In 1999, when Highland Park celebrated its last worship service in the space on Pentecost Sunday, Sheldon decided to stay and participate in the new congregation, volunteering with the children’s Christian education program. “I grew to love the congregation, and they helped me transform from a teenager into a young adult,” said Sheldon, who calls Galloway a mentor and a guide.

Sheldon now serves as Educational Ministries director at Valley Presbyterian Church in Golden Valley in the greater Minneapolis area, where most of the remaining 30 members of Highland Park, including Sheldon’s grandmother, moved their membership.

That congregation continues to partner with Liberty to support its ministries with volunteers and finances and by participating in the Anti-Racism Task Force of the Presbytery of the Twin Cities Area. Liberty’s co-pastor, the Rev. Dr. Ralph E. Galloway, acknowledged the importance of partnerships with Valley, Westminster Presbyterian Church and the Presbytery of the Twin Cities Area in providing volunteers and financial assistance to sustain and expand the ways the church serves the vulnerable in North Minneapolis when so many of his own congregants work two or three jobs. Both money and free time are tight.

Sheldon learned a lot about faith through the closure of her childhood church and the transformation of it into Liberty and specifically Northside Healing Space. “I was the youngest member at age 18. I remember watching the elders make the decision to say goodbye to the building that they loved and had cared for. To let it go was hard. But it showed me that after death comes new life,” said Sheldon.

Sheldon described how through Valley’s partnership with Liberty, the members of Highland Park appreciate being able to watch the ministry of Liberty and its impact on the community grow. She finds hope in how a space so dear to them continues to serve the community. “We don’t own the building of our churches; they’re really not ours,” said Sheldon, whose great-grandparents were members of Highland Park. “It belongs to the community; it belongs to Christ.
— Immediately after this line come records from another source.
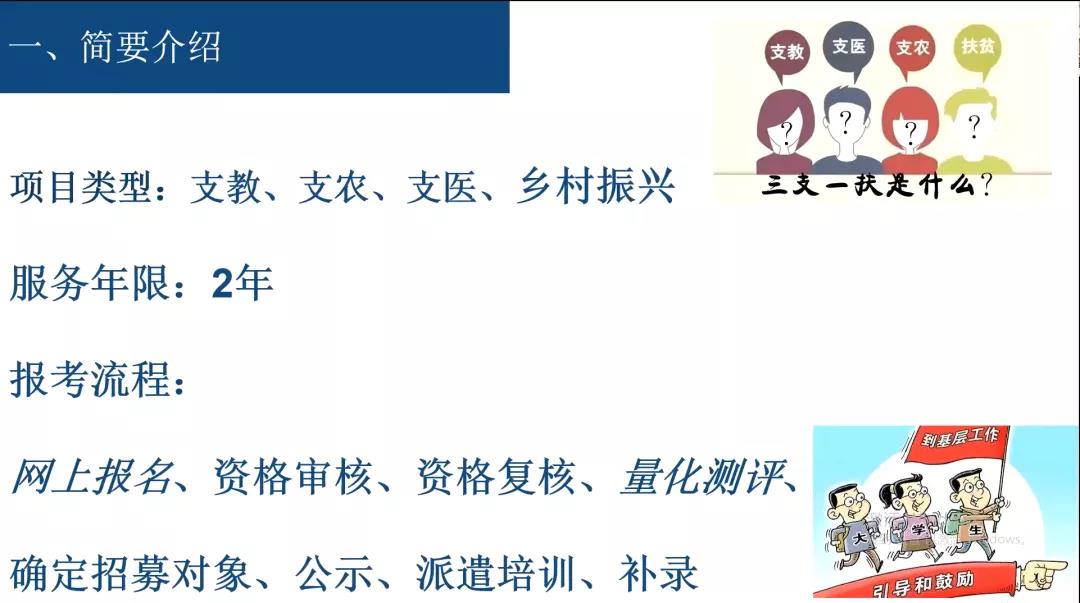 岑玉萍师姐首先向我们简要介绍了“三支一扶”的内容,她指出,三支一扶是一个基层服务项目,招募高校毕业生到农村或基层工作,服务年限一般为两年。该项目的服务类型为支教、支农、支医、乡村振兴。报考流程为网上报名、资格审核、量化测评、确定招募对象、公示、派遣培训、补录。她表示,网上报名和量化测评这两个环节比较重要。
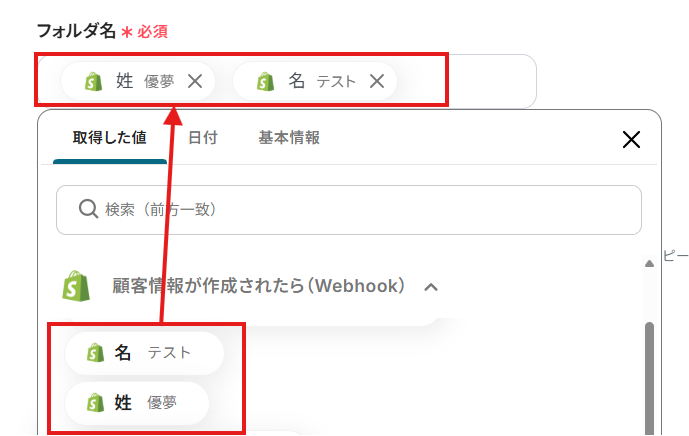 「フォルダ名」は、入力欄をクリックして表示される取得した値から選択してください。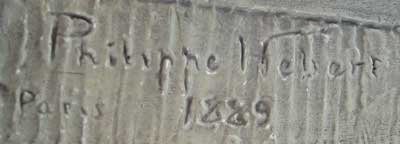 Most of the statues are signed and dated by the hand of Philippe Hébert on the base block. Philippe would have signed the mother mould from which the statues were cast. In his biographical entries he is always listed as Louis-Philippe Hébert but on all his sculptures he signs his name as Philippe Hébert. All these statues are originals from the 1880s, not repros from a later date, so Philippe would have personally supervised the production run of these commemorative sculptures. All the statues are some 75 cm high. Most weigh some 7.3 kg, but for some unknown reason, the bronze painted Macdonald weighs double that, at 16.4 kg. |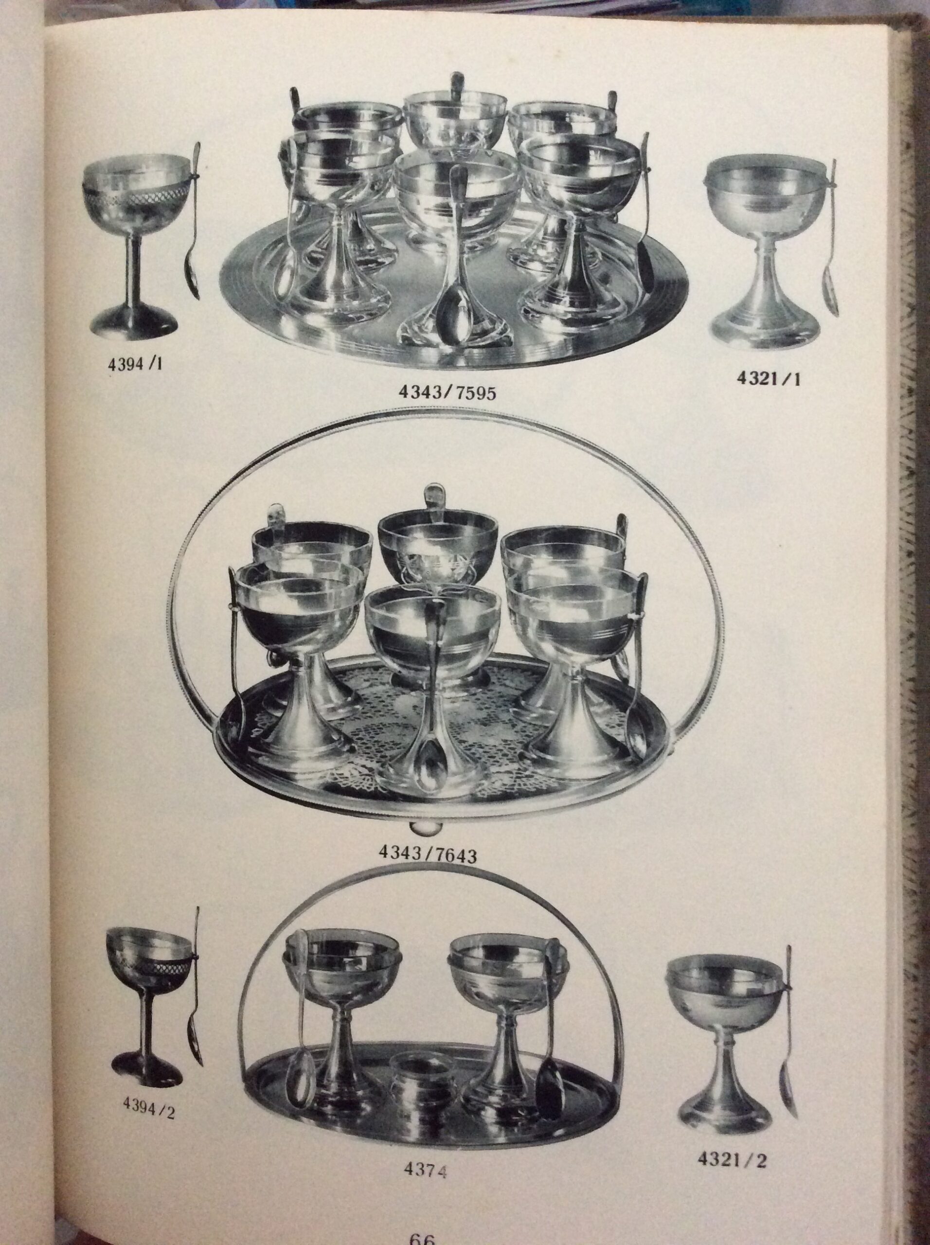 Zwei Pokale aus Alpacca, versilbert, farbloser Glaseinsatz mit Zapfen zwecks Arretierung, an der gebauchten Kuppa Haken für den Eierlöffel, dieser mit vergoldeter Lasche (beide vorhanden), Art Deco Facon, gemarkt mit Firmenmarke wehende Flagge, tadelloser, handpolierter Erhaltungszustand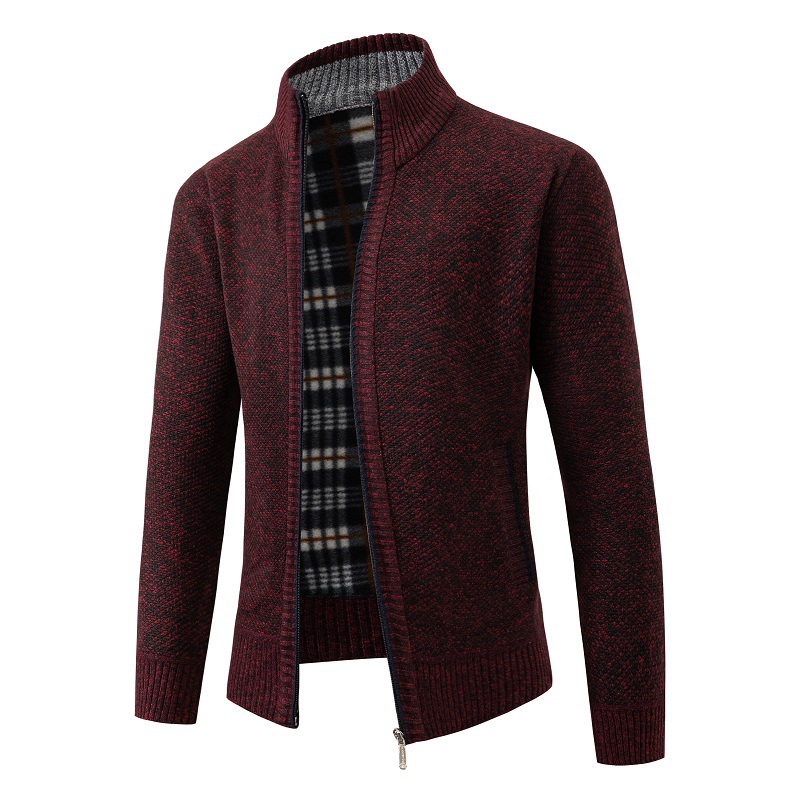 クロスボーダーのカジュアルな純色の半ファスナーのセーターとベルベットの厚い秋冬のニットの男性服のファッションのカーディガンのコートの男性服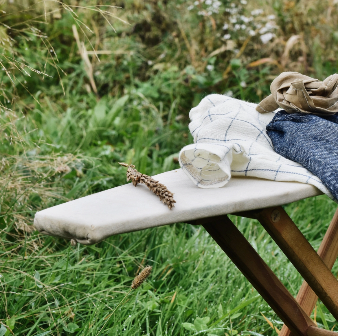 Ruthie is wearing her removable chambray skirt with a lightweight linen check top.
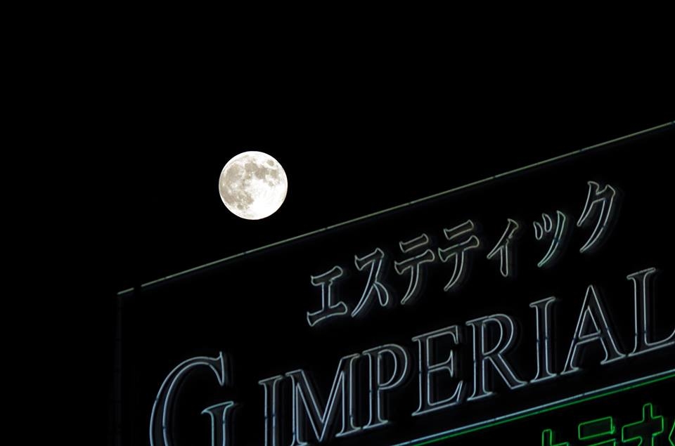 月、ネオン、街頭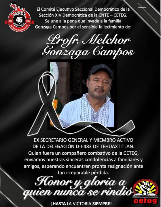 Melchor Gonzaga Campos de profesión profesor, estaba integrado a la CETEG, Coordinadora Estatal de Trabajadores de la Educación y también formaba parte de la Policía Comunitaria de la localidad de Tehuaxtitlán, perteneciente a este municipio.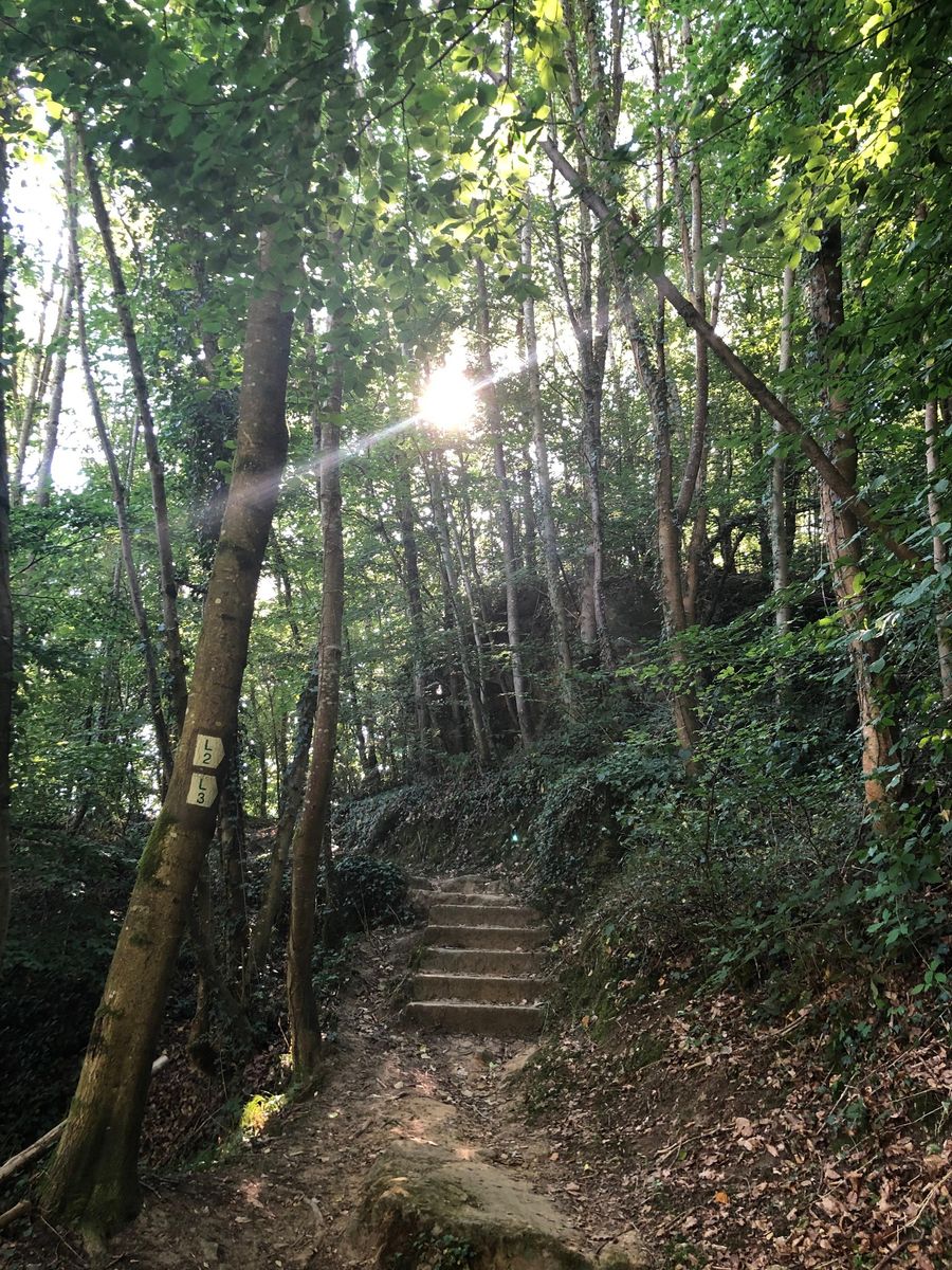 Leisurely hike without much ascent, mainly through the forest, passing Meysemburg Castle and back to Larochette with a great view of the castle.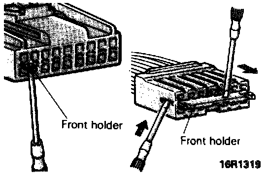 1. Insert screwdriver [1.4 mm (0.06 in.) width] as shown in the figure disengage front holder and remove it.

You should never hold onto it too tightly but be OK with letting it go so that something new and wonderful can be born out of it.”

In the early 2000s, as Liberty’s congregation grew in size and property, they moved their worship and after-school programing to the campus of the former Calvary Presbyterian Church, leaving the arched ceiling and stained-glass windows of Highland Park open for a new purpose and call to witness in the neighborhood.

The Rev. Dr. Alika P. Galloway is co-pastor of Liberty Community Church and executive director of Northside Healing Space. (Photo by Rich Copley)

Sitting on the stoop of that sanctuary, the Alika Galloway would listen to the stories of women and youth in her neighborhood and felt called to create the Northside Healing Space. Part of the process included securing a grant to renovate the space and selling stained-glass windows that featured white men. Galloway recalled the moment she knew the windows had to go, when a transgender youth told her the images kept them from feeling welcome or healed in the space despite the removal of pews and the new, comfortable furnishings.

Today the light-filled sanctuary, renovated dining spaces, therapy offices, and artfully decorated labyrinth and yoga room welcome the weary and wounded as well as groups of weavers, young gardeners, and other community groups focused on healing and resisting the violence and microaggressions that society turns on bodies, especially Black and brown ones.

The Rev. Roberta Jones (Photo by Rich Copley)

“Jesus put his hands on people,” said the Rev. Roberta Jones, who serves on session at Liberty, co-leads its social justice advocacy ministry and hosts a weaving circle for women at the Northside Healing Space. “Healing can take place not just through words of comfort, but in actually getting down into the mud and touching people.”

The Rev. Cyreta Oduniyi, who serves as the chief operating officer of the Northside Healing Space and as the pastor for Youth Development at Liberty, said that her womanist training has helped her to discern how to both hold a boundary and cross a border when someone is in crisis and in need of help. “You always invite God into the space,” said Oduniyi. “That’s how you ground the chaos.”